The president’s federal budget proposes to eliminate funding for the NEH and the National Endowment for the Arts. Congress will soon vote on the budget, with important consequences for our nation.

It is a mark of her leadership that Sen. Shelley Moore Capito, R-W.Va., along with 23 of her Senate colleagues, has expressed strong support for these agencies. Sen. Capito recognizes that the programs supported by the NEA and NEH are not luxuries that benefit only an elite few. In fact, these programs bring meaning to ordinary people across our nation.

Furthermore, in reaching out to rural and disadvantaged communities, they bring life-changing experiences to people who can’t visit a museum or a concert hall.

The documentary series about veterans, part of a national NEH program called the Standing Together Initiative, is just one example. Successful programs by the NEH have made it clear that the humanities and the arts — literature, music, dance, visual arts, drama, filmmaking — provide fulfilling vehicles for expression, understanding and engagement for veterans, their families and those who care for them. Another program will bring 25 West Virginia schoolteachers together this July to learn about Appalachian history, literature, music and culture, helping them become even better educators.

The NEH and the NEA were established in 1965 by a bipartisan act of Congress and signed into law by President Lyndon Johnson. At that time, America was beginning to become aware that global leadership should go beyond economic and military power to set high ideals for thought and culture.

The 1965 legislation declares, “An advanced civilization must not limit its efforts to science and technology alone, but must give full value and support to the other great branches of scholarly and cultural activity in order to achieve a better understanding of the past, a better analysis of the present, and a better view of the future.”

Over the years, while changing national tides have sometimes posed hard questions about how the NEH and NEA should fulfill that mission, no president has proposed eliminating them altogether — until now. It is a short-sighted goal. Beyond enrichment of daily life, the arts and humanities provide an essential set of skills that serve people well in every field of endeavor.

It was my privilege to co-chair a recent commission that reaffirmed the vital importance of the humanities and social sciences to our nation’s system of education, economy and national security.

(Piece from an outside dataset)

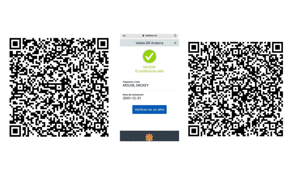 L’Altaveu ho ha comprovat amb dos codis diferents, els que il·lustren aquest article, que li han estat facilitats ja elaborats (i a partir de www.validaqr.ad). Tots dos són validats per l’aplicació nacional de comprovació de QR. En un apareix el nom d’Adolf Hitler -cert, una mica de molta mala llet- i en l’altre el d’un personatge moltíssim més simpàtic i agraït: Mickey Mouse. I l’eina informàtica ni s’encalla ni res. Dóna per bo el codi i convida a validar-ne un altre. Pim pam.

This commission was requested by members of Congress — two senators and two members of the House of Representatives, from both parties — and was convened by the American Academy of Arts and Sciences.

The voices that rose up in that commission were not only those of scholars and university presidents.

We heard passionate defenses of the humanities — of history, literature, philosophy — from individuals like Jim McNerney, the former CEO of Boeing, who explained that, in his company, the engineers who rise to positions of leadership are those who have additional skills in communication and analysis — skills learned by studying these fields.

We heard Gen. and Ambassador Karl Eikenberry, who served in military and diplomatic roles in Afghanistan, assert that foreign languages and cross-cultural understanding are critical elements in America’s military strategy.

For all their importance, the investment our nation makes in these essential fields is modest. Last year, the NEH and NEA each received 46 cents in federal support for each American — less than a penny per week.

This sum represents only 0.02 percent of federal spending, a fraction of what other developed nations spend on arts and culture. And yet, with this money, the NEA and NEH are able to make thousands of grants, distributed through all 50 states, that support cultural programs, education, preservation, research and outreach.

This modest investment that creates such powerful benefits is now under threat.

This should not be a political decision: These programs reflect all of America, and they serve all of America, bringing history and arts to local communities everywhere. It is a wise investment to continue the funding that brings the best of our cultural heritage to support veterans, teachers — and all of us.

Richard H. Brodhead is the president of Duke University.